Hydrogeology

Hence
One of the few truths that I know - is that the Kama for any scenario does not fall into the Caspian Sea.





Most shrug - yeah, Kama flows into the Volga, and only that - in the Caspian Sea. More erudite remember curious geographical incident: in terms of hydrogeology, actually at the confluence of the Volga flows precisely in Kama: Kama affluent, its source on the confluence than the Volga, it takes more water tributaries, and after the merger as the river goes continuation of the Kama river bed, not the Volga:



However, for the sake of accuracy hydrological historical names do not need to change, but even if there was such a need, then Kame still no luck to reach out to the Caspian Sea, because then it will make for it Visscher, in place of its confluence with the Kama situation is exactly the same as Kama and the Volga:



Ptolemy called Volga River generous, or Pa (Rha flu; some Mordovian languages ​​it is still called Rav). So at a very early copy of Ptolemy's map name Rha signed Kama. Volga is drawn as a tributary without a name.
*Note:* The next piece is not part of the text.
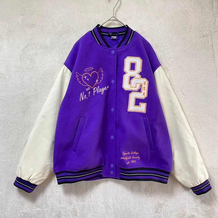 DIVIDED/바시티 자켓/S/와펜 자수 인조 가죽 스냅 버튼

If the Volga-Kama returned the historic name of the times of Ptolemy, the geographical name "Kama" would lose meaning, replaced Priralyu, or, more precisely, the Urals. At the same time Europe's longest river, which flows into the Caspian Sea, for historical reasons, has no single name, and its individual sections called Volga, Kama and Vishera.

The word "Wisher", however, no relation to Ra does not and goes back to the Finno-Ugric Voyshor or Voyshur - "Clean River".